Whether you’re still in the military or you’ve transitioned to the corporate world, or are a civilian and have never served, it’s always the same. An FSM lurks, waiting to gig you on some stupid, asinine shit. It’s a threat we all must face, and disregard, with a smile and a nod and a “Yes, Sergeant Major” or “Vice President” or “Foreman”. Because that is all they will ever be—the barking, savage whiff of authority barely missed, one step below or behind the real boss. Forever the bridesmaid, never the bride. And after you realize the measure of their soul, what else do they have left to them but the illusion of power, usually shouted? They’re stuck within this sad, diminished aura, a victim of their penultimate rank. Give them “their grass” for the moment, or “their metrics” at close of business, or “their tie rods” in even rows in the next hour, and then go home. Or travel. Or go to school. Or anything. I have a photo of an Army cargo truck in Baghdad with “Stop the Insanity” scrawled across its passenger door. Sometimes that’s all we can do to remind ourselves who is really in charge and continue our idiosyncratic lives, one graffiti’d door at a time.
I never saw that particular sergeant major again, thankfully. I supposed he moved on to harass other troops about their shoulder patches until the regulation was changed a month later. I would have loved to see his face the morning after the paper came down, applying the patch he’d fought so hard against with resignation, then instructing the soldiers he’d yelled at the day before to get within regs… admitting his own impotence one betrayal at a time. Since then, there have been other FSMs who have thrown their “stripes” around in the various settings in which I have worked. Though, now that I think about it, when has it ever really mattered to anyone but them? We the people remain unimpressed.
In the Vietnam War film Hamburger Hill, a couple of troops try and buck up their platoon “Doc” after a casualty chanting, “It don’t mean nothing, man, not a thing.” And the medic, thus consoled and encouraged, goes on to fight another day. We all have bad days like Doc in the film. That sergeant major I met long ago now might have been having a bad day too. Doc doesn’t survive the battle. He succumbs to his wounds after imploring his fellow soldiers to finish taking the hill, so they can have something to be proud of. And they do. They do it for Doc and for each other. Those are the things that matter.
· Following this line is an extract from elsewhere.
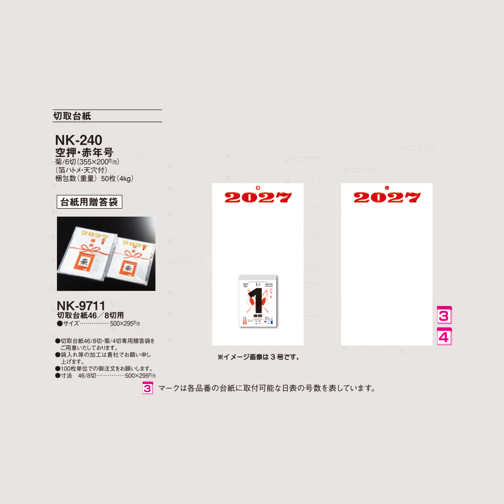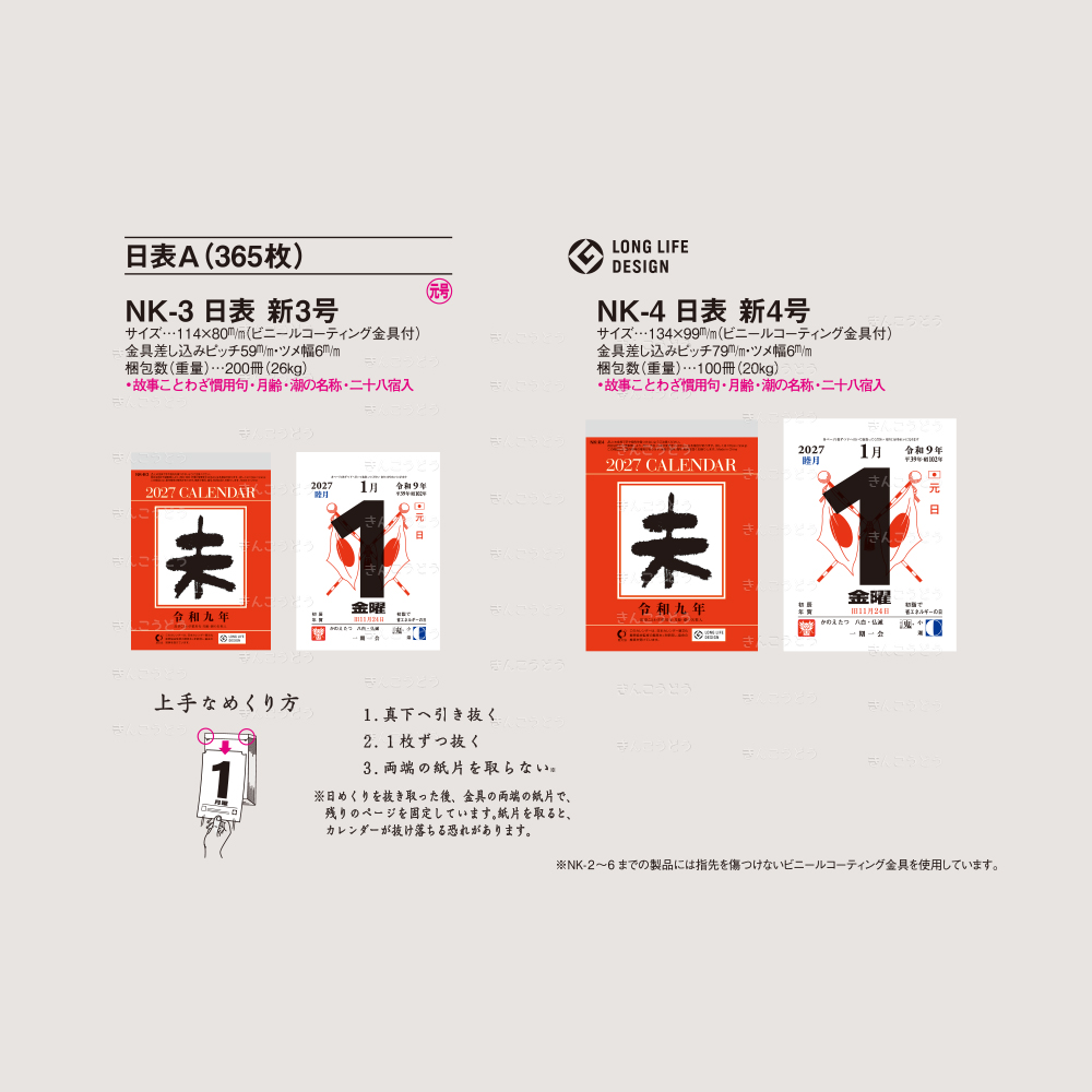 | 梱包数(重量) | 台紙・50枚(4Kg)|日めくり・200冊(26Kg) |

We can choose to fall prey to the insanity of Himmelstoss and the FSM and others like them, or we can take their fear and insecurity in stride, their insistence that only by obeying the rules can one hope to elude destiny. In All Quiet on the Western Front, Bäumer and his mates lay a good old-fashioned beat-down on old Himmelstoss, and it’s hard to feel sympathy for him. Like the bloviating sergeant major I encountered, Himmelstoss is a nonfactor. His existence to Bäumer and the men is of no great importance, like whether they live or die. It should be noted that Himmelstoss, when he’s himself sent to the front, does eventually perform bravely following a motivational beating by Bäumer in a trench. Yet it remains to be decided whether Himmelstoss was merely a desperate ass-kisser seeking the favor of his lieutenant or acting out of a moral obligation to his fellow soldiers. The men aren’t in it for Himmelstoss and the FSM though. They’re in it for each other as were the men in Hamburger Hill. The regulations may not get changed every time so you can smile at the thought of the senior enlisted man or supervisor or other inflated authority wiping egg off their face. Nor will every Himmelstoss you come across fetch the beating of a lifetime every time they push the wrong troop too far. But don’t you sweat it. In the end, they don’t mean nothing, man, not a thing. Finish taking the hill, and be proud of it.